Perguntas Frequentes sobre o Processo de Canonização
Quanto tempo demora para alguém ser canonizado?
Não há um tempo fixo. Alguns processos são rápidos, como o de São João Paulo II (9 anos). Outros podem levar séculos. Santa Joana d’Arc, por exemplo, foi martirizada em 1431 e canonizada apenas em 1920. A duração depende da complexidade da causa, da coleta de documentos e da ocorrência dos milagres.
Qual a diferença clara entre Santo, Beato, Venerável e Servo de Deus?
É uma escada de reconhecimento:
Servo de Deus: A causa foi oficialmente aberta.
Venerável: A Igreja reconheceu que ele viveu as virtudes de forma heroica.

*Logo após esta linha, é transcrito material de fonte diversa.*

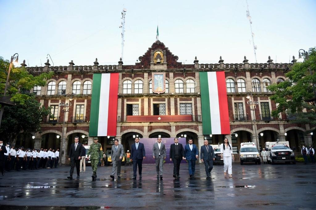 El gobernador Cuauhtémoc Blanco Bravo encabezó el izamiento de Bandera a media asta para recordar a las víctimas mortales de los sismos registrados el 19 de septiembre de 1985 y 2017, respectivamente.
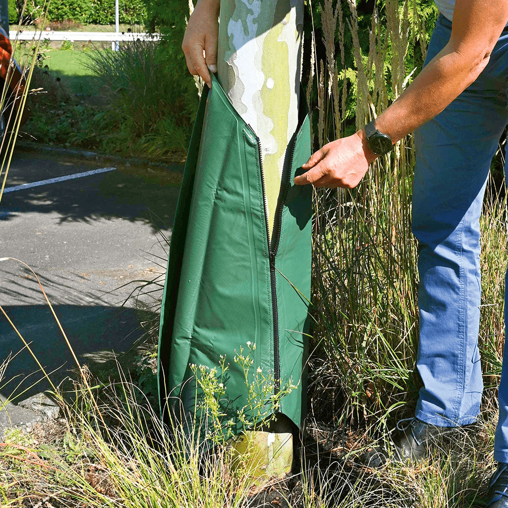 A vízadagoló zsák lassú, egyenletes, hosszútávú vízellátást biztosít a fáknak. Csepegtető mechanizmusának köszönhetően ideális a fák öntözéséhez meleg és száraz nyarakon. Bármilyen nagyságú és fajtájú fához használható. Teljes űrtartalma 75 liter.
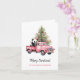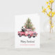 Panda in Retro Pink Truck Weihnachtsbaum Karte
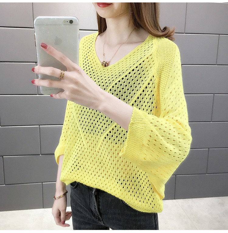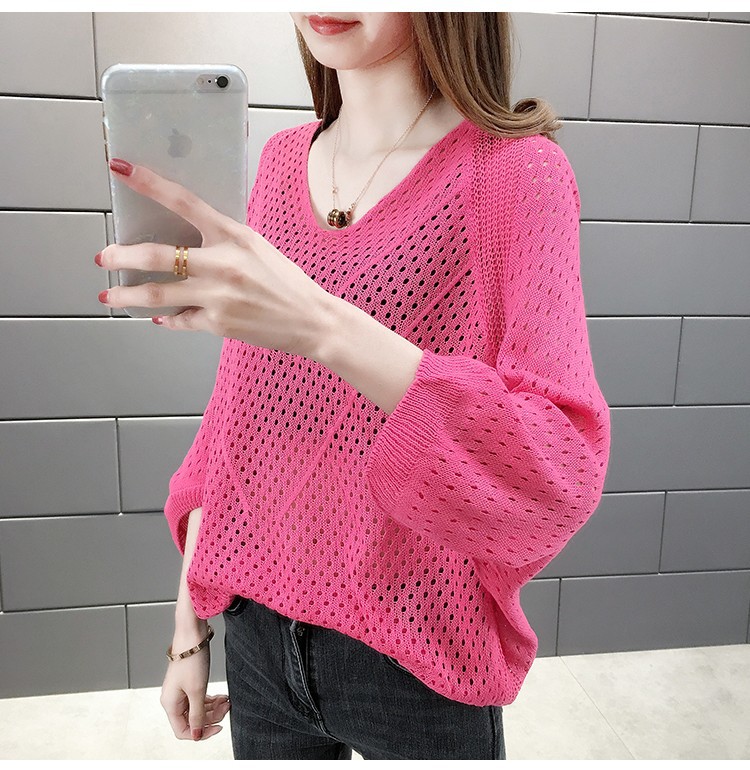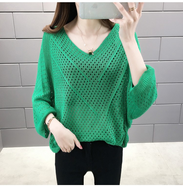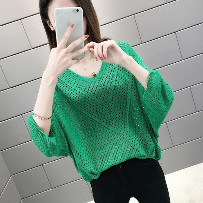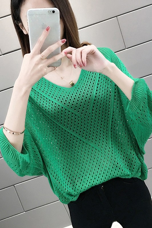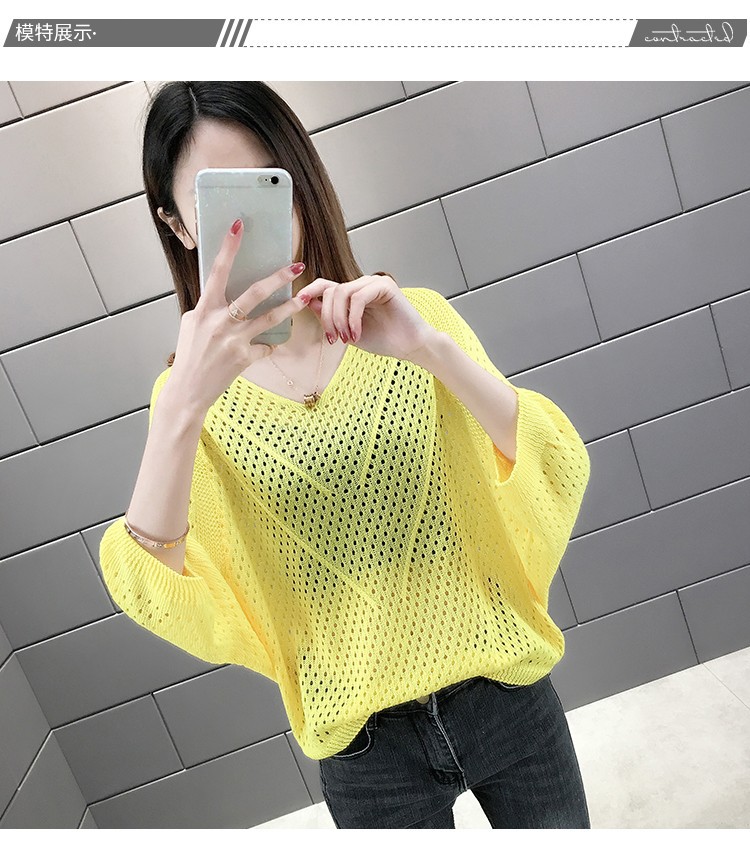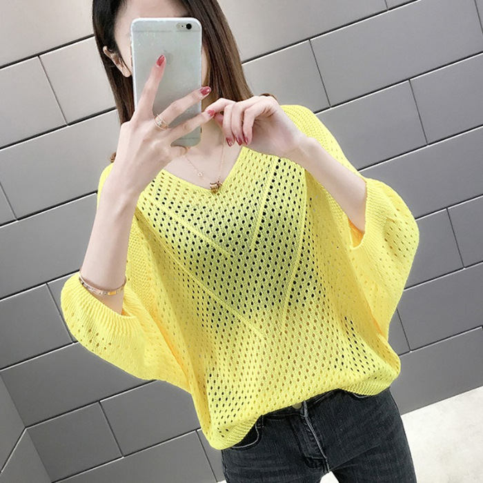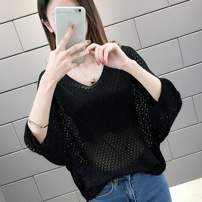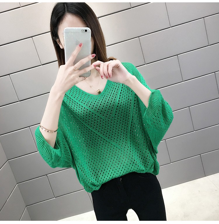 2024 여름 니트웨어 여자 올 매치 티셔츠 얇은 메쉬 블라우스 V 넥 탑 루즈 빈 배트 모빌 트렌디 셔츠

Beato: Foi comprovado um milagre (ou martírio). O culto público é permitido localmente.
Santo: Foi comprovado um segundo milagre. O culto é estendido à Igreja Universal.
Um leigo casado pode se tornar santo?
Sim! A santidade é para todos. Um exemplo maravilhoso é o casal São Luís e Santa Zélia Martin, pais de Santa Teresinha do Menino Jesus. Eles foram o primeiro casal a ser canonizado na mesma cerimônia na história da Igreja.

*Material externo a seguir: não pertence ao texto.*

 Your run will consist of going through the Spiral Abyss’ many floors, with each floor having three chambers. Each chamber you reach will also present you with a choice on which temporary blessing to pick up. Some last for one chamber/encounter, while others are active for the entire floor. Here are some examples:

O que é uma canonização equipolente?
É um procedimento especial e raro onde o Papa, reconhecendo um culto antigo, espontâneo e ininterrupto a uma pessoa, estende esse culto à Igreja universal sem passar por todo o processo formal e sem a necessidade da comprovação de um milagre recente. Foi o caso, por exemplo, de São José de Anchieta, canonizado pelo Papa Francisco em 2014.
Conclusão: uma jornada de Fé, Rigor e Inspiração
O caminho até a declaração de santidade é longo, meticuloso e profundamente sério. Longe de ser uma simples “premiação”, o processo de canonização é um presente para toda a Igreja. Ele nos garante que os modelos de fé que veneramos foram examinados com o máximo rigor, unindo a razão da ciência e a luz da teologia.
Cada Servo de Deus, Venerável, Beato e Santo nos lembra que o chamado à santidade é universal e possível. Eles são faróis que iluminam nossa própria jornada de fé.